ENTREVISTA A GEMA GALDÓN

“Hasta que me pongo el sombrero, no soy yo”

La diseñadora Gemma Galdon por Àngel Bravo
La diseñadora Gemma Galdon por Àngel Bravo

27 de octubre de 2025 a las 18:37h

Gema Galdón es una de las almas creativas más inquietas y sorprendentes de la ciudad, no solo a raíz de su fama como diseñadora de sombreros, sino sobre todo por una inspiradora capacidad comunicativa.

Esta escultora del vacío o modista del aura tiene el taller en la calle Santa Teresa de Barcelona y, sin estridencias ni publicidad, su estilo ha captado la atención de personajes tan importantes como André Leon Talley, Woody Allen o Bill Cunningham. Galdón empieza con una aguja y un hilo, y todo el resto siempre acaba siendo magia.

--- Veo a San Pancracio, no veo a Santa Catalina. ¿Dónde la tienes?

--- La patrona de los sombrereros y de las solteras en búsqueda del amor verdadero. Está abajo, en la entrada, lo que pasa es que vas distraído y no lo has visto.

--- Las Catherinettes.

--- Ahí empezó todo, cuando empecé a hacer sombreros para mí misma.
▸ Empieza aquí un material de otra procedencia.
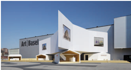
Schaulager Satellite Messeplatz Basel / Art Basel 4-17 June 2012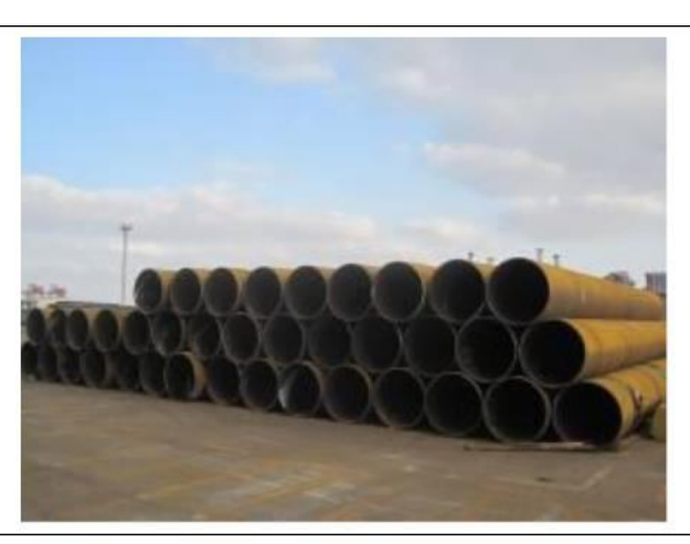
Storage cargo condition on open yard Size:900x20x10000mm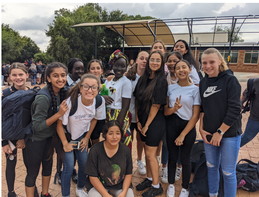
Photo: Multicultural Day 2021

Australia is a vibrant and multicultural country and as mentioned before this is represented at Emmaus – from the oldest continuous culture of our first Australians to the cultures of our newest arrivals from around the world. Our cultural diversity is one of our greatest strengths and is at the heart of who we are. It makes Australia a great place to live and Emmaus a great place to come to school.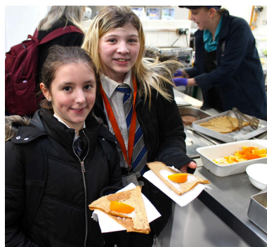
Pancake Day 13.2.24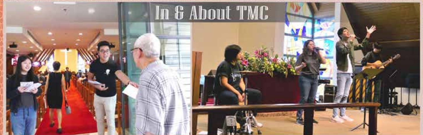
In & About TMC

Ahora que he evolucionado hacia la Hat Gallery, todavía guardo el cuadro. Me lo encontré por la calle, no lo fui a buscar. Como tantas cosas, que aparecen cuando dejas de buscarlas. Esta Santa Catalina estaba en la calle, por una inundación que había sufrido una cochera. Habían sacado los trastos fuera, Y me acerqué de tan bonita que era. No sabía que era una Santa Catalina. Y cuando lo leí, en letra muy pequeña, la cogí.

--- ¿Qué es un sombrero, para ti?

--- Un sombrero redimensiona a una persona. La puede hacer más alta, la puede hacer visualmente más ancha, la puede hacer visualmente más triste, más invisible... Tiene un poder que otras piezas no tienen. A ver, yo trabajo el espacio, pero desde muchas perspectivas. Y el sombrero es una pieza muy tridimensional. Lo equiparable sería un zapato.

--- ¿Un zapato?

--- Claro. El zapato empieza por abajo, el sombrero empieza por arriba... Por lo tanto, es como si fuera un zapato en la cabeza.

--- Curiosa imagen.

--- Es que todas las otras piezas son bidimensionales.
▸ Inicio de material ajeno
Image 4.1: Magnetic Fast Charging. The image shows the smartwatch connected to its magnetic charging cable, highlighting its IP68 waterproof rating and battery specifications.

--- Son ropa, está claro. Papeles, tejido.

--- Y esto es un objeto. A mí no me gusta la palabra ornamento, porque es como algo que sobra. Pero sí que me gusta decir que es un toque. No es un sombrero, es un toque. Como ponerse una joya, como ponerse algo que crea distinción y que hace especial lo que quieres decir de tú misma. Yo, por ejemplo, hasta que me pongo el sombrero, no soy yo.

--- O una versión de ti.

--- Hay muchas Gemas. Hay la del taller, que has visto antes mientras hablaba por teléfono con un cliente, o Gema de Instagram, que todo el mundo dice que es más alta, o la del Liceu, que va con unas piezas muy concretas, y después la Gema normal, que va siempre con piezas algo más invisibles.
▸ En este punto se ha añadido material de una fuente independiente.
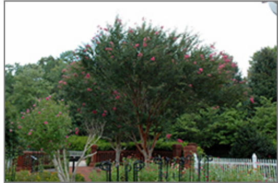
Watermelon Red Crapemyrtle in bloom

This tree does best in full sun to partial shade. It prefers to grow in average to moist conditions, and shouldn't be allowed to dry out. It may require supplemental watering during periods of drought or extended heat. It is very fussy about its soil conditions and must have rich, acidic soils to ensure success, and is subject to chlorosis (yellowing) of the foliage in alkaline soils. It is highly tolerant of urban pollution and will even thrive in inner city environments. This is a selected variety of a species not originally from North America.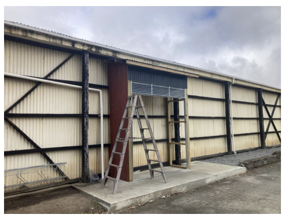
The new Sawdust extractor room beside TBI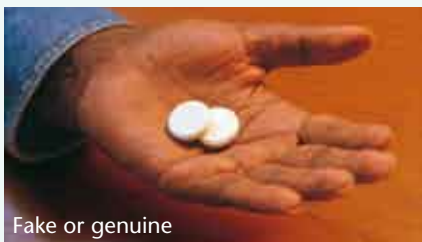
Fake or genuine

On the consumer level, counterfeit money or fake watches, jewelry, and software may still be detected with the naked eye. This does not apply to medicines where the final consumer usually cannot distinguish between good and bad medicines. Due to this and to the widespread danger of counterfeit medicines, quality control in the distribution systems of developing countries has taken on a broader role today. If adherence to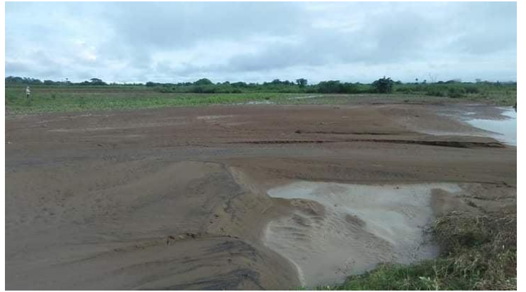
Validation on the extent of corn damage caused by “ Monsoon Rain” ( Tropical Depression Vicky) in the province of Isabela on December 23-24, 2020.

--- ¿La persona da personalidad al sombrero, o es al revés?

--- Mira: yo, cuando entra una persona aquí, ya sé qué sombrero será para ella. Aunque no lo tenga. No lo tengo y ya sé cuál es. Y quizás la persona me dirá que no, que se quiere probar otro. Yo le diré que de acuerdo, para no asustarla. Y tengo unas tres oportunidades para enamorarla del que realmente le corresponde: a la primera, dirá que quizás nos hemos equivocado. A la segunda, se pondrá un poco nervioso. A la tercera, se verá ya ridículo. Y dará el paso de probarse el que le aconsejo.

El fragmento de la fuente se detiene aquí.